(20 AĞUSTOS SALI)
Hayatımda tekrar bir boşluğa, anlamsızlık sarmalına düştüm. Geçen seneki hayallerimden uzaklaştım, ay başındaki hayallerimden bile uzaklaşmak zorunda kaldım. Belli ki hiçbir şey eskisi gibi değil, ama hala ileride-zamanı geldiğinde- başka türlü olabilir, diye düşünüyorum.
Bir yandan bu yoğun ve talepkar hayatı sürdürmek çok zor geliyor; yaşantımı kendi arzumca düzenleyememek... Üstelik; ne konuşabildiğim ne değiştirebildiğim bir sorun var en yakın ilişkimde ve bunu erteliyorum gibime geliyor.
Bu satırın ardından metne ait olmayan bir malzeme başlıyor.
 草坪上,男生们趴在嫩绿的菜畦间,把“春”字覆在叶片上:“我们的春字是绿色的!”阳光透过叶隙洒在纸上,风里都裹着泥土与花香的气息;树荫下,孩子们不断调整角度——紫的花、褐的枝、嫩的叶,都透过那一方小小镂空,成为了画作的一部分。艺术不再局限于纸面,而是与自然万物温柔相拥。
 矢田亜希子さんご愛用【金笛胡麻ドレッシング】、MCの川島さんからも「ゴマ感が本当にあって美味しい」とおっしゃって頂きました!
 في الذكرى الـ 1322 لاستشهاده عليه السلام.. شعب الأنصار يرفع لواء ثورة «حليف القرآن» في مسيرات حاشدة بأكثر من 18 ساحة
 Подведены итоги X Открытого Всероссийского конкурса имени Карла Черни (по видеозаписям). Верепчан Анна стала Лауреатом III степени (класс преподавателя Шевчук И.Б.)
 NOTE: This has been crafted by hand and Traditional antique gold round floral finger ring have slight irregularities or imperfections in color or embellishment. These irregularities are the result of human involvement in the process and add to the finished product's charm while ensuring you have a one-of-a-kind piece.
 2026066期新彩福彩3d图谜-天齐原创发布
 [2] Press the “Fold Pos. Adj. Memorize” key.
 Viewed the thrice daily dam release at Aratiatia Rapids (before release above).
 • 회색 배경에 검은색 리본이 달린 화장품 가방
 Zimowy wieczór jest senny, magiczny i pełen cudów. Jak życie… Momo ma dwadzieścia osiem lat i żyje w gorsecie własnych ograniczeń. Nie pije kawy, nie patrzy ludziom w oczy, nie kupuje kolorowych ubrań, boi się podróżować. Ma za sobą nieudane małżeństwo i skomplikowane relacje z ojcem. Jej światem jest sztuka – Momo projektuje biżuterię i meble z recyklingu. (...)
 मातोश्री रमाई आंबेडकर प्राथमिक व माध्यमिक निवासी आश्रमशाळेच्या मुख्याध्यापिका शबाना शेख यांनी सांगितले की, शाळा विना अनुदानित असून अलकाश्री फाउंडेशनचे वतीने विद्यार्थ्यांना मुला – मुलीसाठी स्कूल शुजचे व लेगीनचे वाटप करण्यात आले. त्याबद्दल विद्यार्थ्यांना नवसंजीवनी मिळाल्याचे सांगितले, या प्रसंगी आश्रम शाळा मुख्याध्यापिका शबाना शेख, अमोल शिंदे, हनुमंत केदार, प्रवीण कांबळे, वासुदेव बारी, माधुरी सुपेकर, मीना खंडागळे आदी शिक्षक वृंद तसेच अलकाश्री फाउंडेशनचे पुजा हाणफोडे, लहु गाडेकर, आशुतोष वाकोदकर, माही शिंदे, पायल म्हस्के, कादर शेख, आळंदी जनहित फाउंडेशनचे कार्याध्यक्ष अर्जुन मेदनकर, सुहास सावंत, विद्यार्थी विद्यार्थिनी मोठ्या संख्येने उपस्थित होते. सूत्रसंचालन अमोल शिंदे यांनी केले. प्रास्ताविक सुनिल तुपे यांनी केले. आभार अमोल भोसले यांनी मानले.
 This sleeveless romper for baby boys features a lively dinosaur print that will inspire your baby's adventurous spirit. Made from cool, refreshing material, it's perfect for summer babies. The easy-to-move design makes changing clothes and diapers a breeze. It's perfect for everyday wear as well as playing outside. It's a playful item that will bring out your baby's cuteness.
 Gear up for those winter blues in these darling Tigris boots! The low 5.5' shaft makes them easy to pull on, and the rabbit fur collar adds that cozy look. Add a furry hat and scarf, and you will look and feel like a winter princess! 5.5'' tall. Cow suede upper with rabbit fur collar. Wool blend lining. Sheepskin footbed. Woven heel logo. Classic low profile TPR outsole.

Boşa geçirdiğim farkındalıksız saatlerin verimsiz günlerin bilincindeyim, sağlıklı beslenmek ve spor yapmak istesem de aksine devam ediyorum. Kısır döngüyü kıramıyorum.
Leyla dün kreşten çıktıktan sonra arabaya binmek istemedi, ağlamaya başladı ve eve kadar arttırarak devam etti. Boğazı yırtılırcasına ağlıyordu ve başta ben sakindim, ama giderek öfkelendim ve kendimi elimle ağzına bastırıp "Sus! diye bağırırken buldum. Giderek çığrından çıktı, eve çıkarırken kucağımda zor zapt ediyordum. Eve girince zorla duşa soktum, ikimiz de terden sırılsıklam olmuştuk.
Banyodan çıkıp bornozunu giydiğinde birkaç dakika kırgın gözlerle bana sessizce bakışını unutmayacağım. Özür dileyip sarıldım, meğer okulda kalmak için ağlıyormuş.
Akşam parkta hiperaktif ve sinirliydi tavırları, stres atmak ister gibi. Dönüşte yine ağlayacak oldu, ama sustu. Yatırırken "Bugün güzeldi, değil mi?" diye sorduğumda "Ama bana bağırdın" dedi. Kalbime dokundu.